### DATA
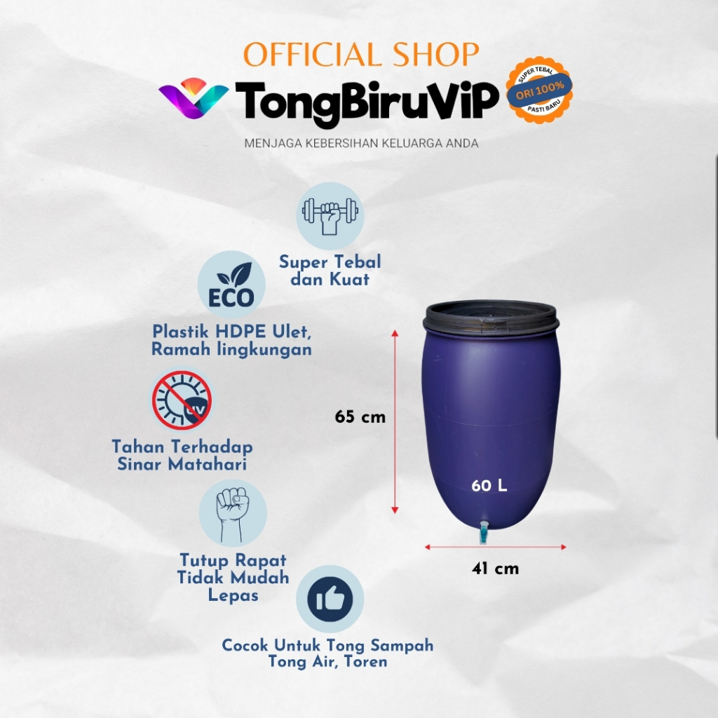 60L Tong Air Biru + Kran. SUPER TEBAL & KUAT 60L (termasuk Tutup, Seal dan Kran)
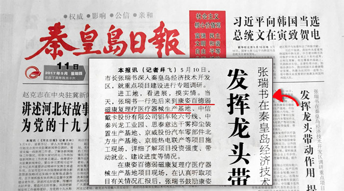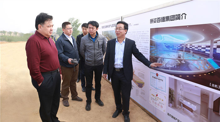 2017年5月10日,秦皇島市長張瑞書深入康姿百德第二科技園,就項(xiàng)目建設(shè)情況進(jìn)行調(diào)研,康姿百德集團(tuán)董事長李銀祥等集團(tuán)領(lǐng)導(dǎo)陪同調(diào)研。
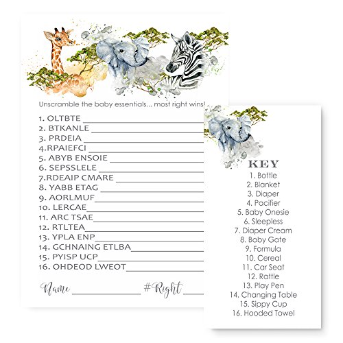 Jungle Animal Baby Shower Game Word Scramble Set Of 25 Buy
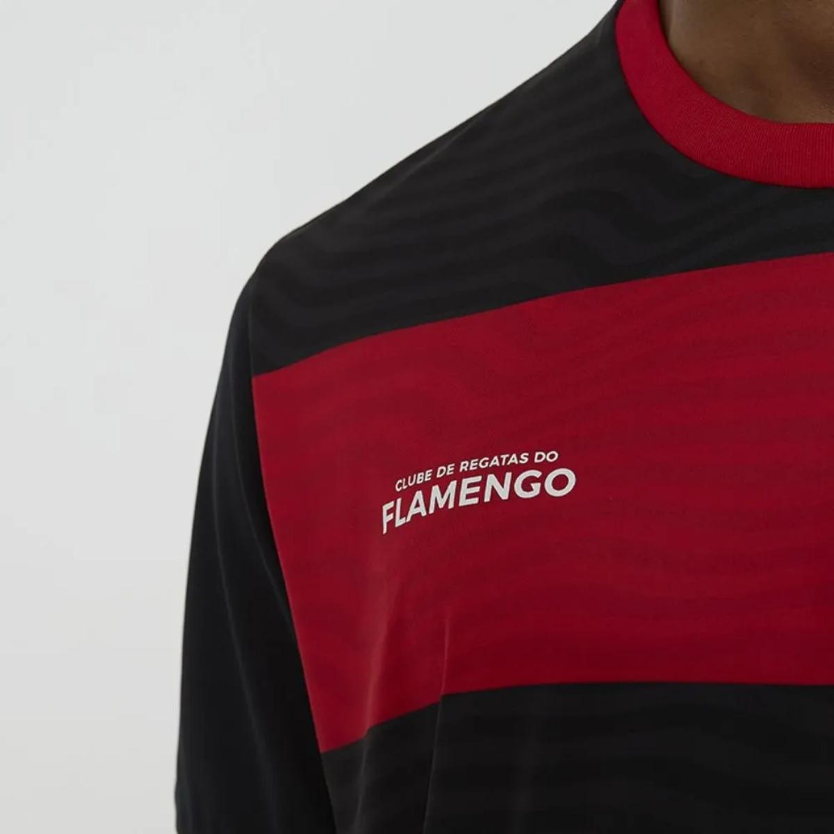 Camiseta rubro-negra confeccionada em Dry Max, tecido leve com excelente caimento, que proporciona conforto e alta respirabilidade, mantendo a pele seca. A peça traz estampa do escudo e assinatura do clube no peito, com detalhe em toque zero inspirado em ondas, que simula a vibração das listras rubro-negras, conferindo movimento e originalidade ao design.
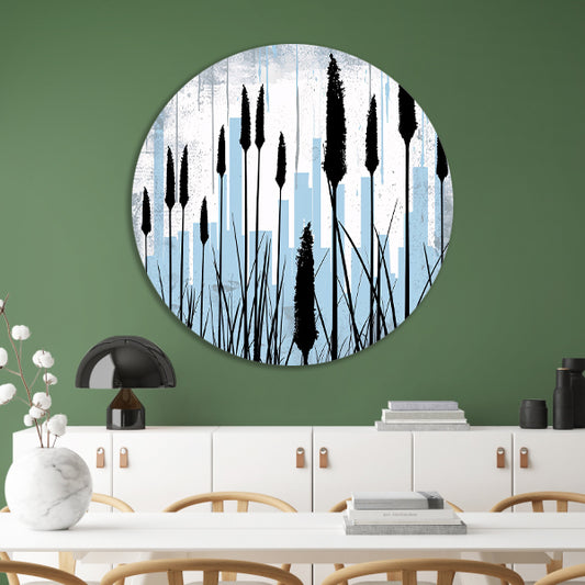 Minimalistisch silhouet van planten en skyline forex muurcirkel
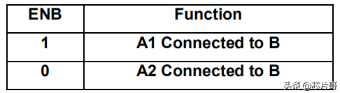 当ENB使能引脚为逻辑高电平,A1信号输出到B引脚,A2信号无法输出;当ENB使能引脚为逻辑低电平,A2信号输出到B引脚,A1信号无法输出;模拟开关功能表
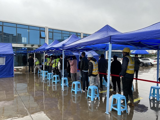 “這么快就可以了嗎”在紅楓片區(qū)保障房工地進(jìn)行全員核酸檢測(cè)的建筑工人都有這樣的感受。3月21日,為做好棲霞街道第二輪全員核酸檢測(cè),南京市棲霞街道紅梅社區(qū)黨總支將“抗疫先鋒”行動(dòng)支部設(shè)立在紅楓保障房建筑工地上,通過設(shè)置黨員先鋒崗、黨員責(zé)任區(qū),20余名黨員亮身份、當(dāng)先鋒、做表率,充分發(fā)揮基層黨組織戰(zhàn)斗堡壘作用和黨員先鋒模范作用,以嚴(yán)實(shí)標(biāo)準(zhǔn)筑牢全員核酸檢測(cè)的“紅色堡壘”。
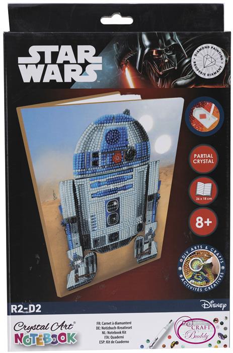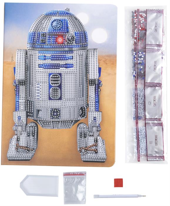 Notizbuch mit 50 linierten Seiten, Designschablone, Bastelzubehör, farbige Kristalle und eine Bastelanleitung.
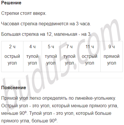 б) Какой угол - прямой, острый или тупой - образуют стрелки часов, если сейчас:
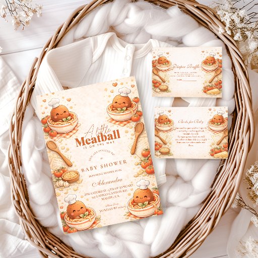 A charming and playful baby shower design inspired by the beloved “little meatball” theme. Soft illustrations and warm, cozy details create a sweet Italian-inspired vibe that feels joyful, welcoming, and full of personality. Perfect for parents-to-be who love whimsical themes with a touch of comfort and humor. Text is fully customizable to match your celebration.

### TASK TO CARRY OUT
Your reply should hold nothing but the lines above, from the one containing "Jungle Animal Baby" to the one containing "б) Какой угол", reproduced exactly minus the pictures.

### RESULT FOR THIS EXERCISE
 Jungle Animal Baby Shower Game Word Scramble Set Of 25 Buy
 Camiseta rubro-negra confeccionada em Dry Max, tecido leve com excelente caimento, que proporciona conforto e alta respirabilidade, mantendo a pele seca. A peça traz estampa do escudo e assinatura do clube no peito, com detalhe em toque zero inspirado em ondas, que simula a vibração das listras rubro-negras, conferindo movimento e originalidade ao design.
 Minimalistisch silhouet van planten en skyline forex muurcirkel
 当ENB使能引脚为逻辑高电平,A1信号输出到B引脚,A2信号无法输出;当ENB使能引脚为逻辑低电平,A2信号输出到B引脚,A1信号无法输出;模拟开关功能表
 “這么快就可以了嗎”在紅楓片區(qū)保障房工地進(jìn)行全員核酸檢測(cè)的建筑工人都有這樣的感受。3月21日,為做好棲霞街道第二輪全員核酸檢測(cè),南京市棲霞街道紅梅社區(qū)黨總支將“抗疫先鋒”行動(dòng)支部設(shè)立在紅楓保障房建筑工地上,通過設(shè)置黨員先鋒崗、黨員責(zé)任區(qū),20余名黨員亮身份、當(dāng)先鋒、做表率,充分發(fā)揮基層黨組織戰(zhàn)斗堡壘作用和黨員先鋒模范作用,以嚴(yán)實(shí)標(biāo)準(zhǔn)筑牢全員核酸檢測(cè)的“紅色堡壘”。
 Notizbuch mit 50 linierten Seiten, Designschablone, Bastelzubehör, farbige Kristalle und eine Bastelanleitung.
 б) Какой угол - прямой, острый или тупой - образуют стрелки часов, если сейчас:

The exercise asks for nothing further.